Early cues frame Ender as a solitary problem-solver (cello) inside a system that rewards spectacle (anthemic brass). The Battle Room cues soften gravity’s rules and our expectations; we see a strategist, not a bruiser. When command-school “tests” become war, “Final Test” slams the plot forward and then hollows it out—“Game Over” and “The Way We Win Matters” flip victory into grief. The Flaming Lips track restores a sliver of warmth after the score’s moral chill.

Trailer frame: Ender at the command interface in the final simulation, fleets arrayed below
Command interface: propulsion first, ethics after

How It Was Made

Composer swap: James Horner was initially announced; Steve Jablonsky took over by May 2013. Jablonsky designed a simple solo-cello line for Ender and used choir to give zero-G scenes an “ethereal, floaty” quality.

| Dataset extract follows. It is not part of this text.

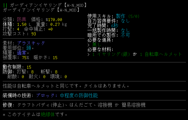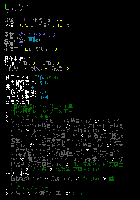 プラスチック金型により『肘パッド』のクラフトが可能になりました(膝パッドも)。防御性能が打撃8、斬撃8と高い。そのうえ動作制限は0という優遇っぷりだ。
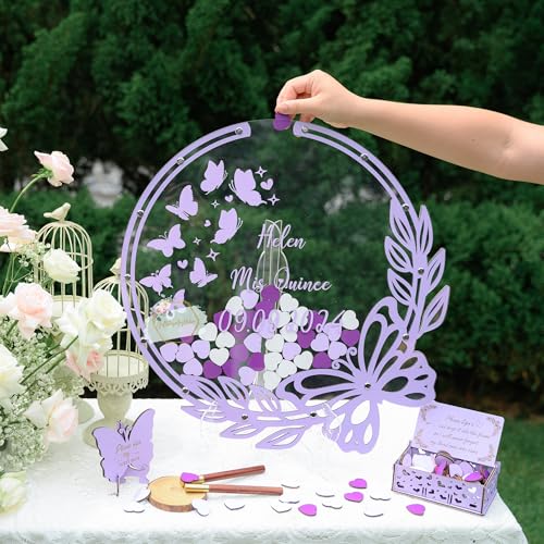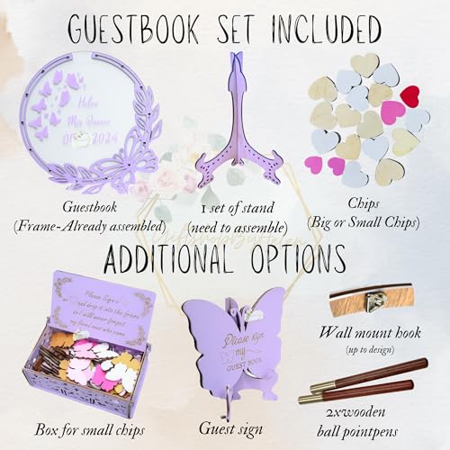 - [Easy Customization]: Tailor your Custom Guest Book to suit your event theme. Choose from a variety of frame colors, chip shapes (such as hearts or butterflies), and patterns to make it truly unique. This Guest Book Heart Drop design ensures your celebration is beautifully personalized.

Recording & personnel: Abbey Road Studios; conductor Gavin Greenaway; Metro Voices choir (choirmaster Jenny O’Grady); soloists Caroline Dale (cello) and Everton Nelson (violin). Orchestrations by Penka Kouneva, Larry Rench, Philip Klein, and Alain Mayrand. Album producers: Steve Jablonsky & Alex Gibson.

Reception & Quotes

Response ran hot and cold, which fits a score walking the line between glossy propulsion and thematic through-lines.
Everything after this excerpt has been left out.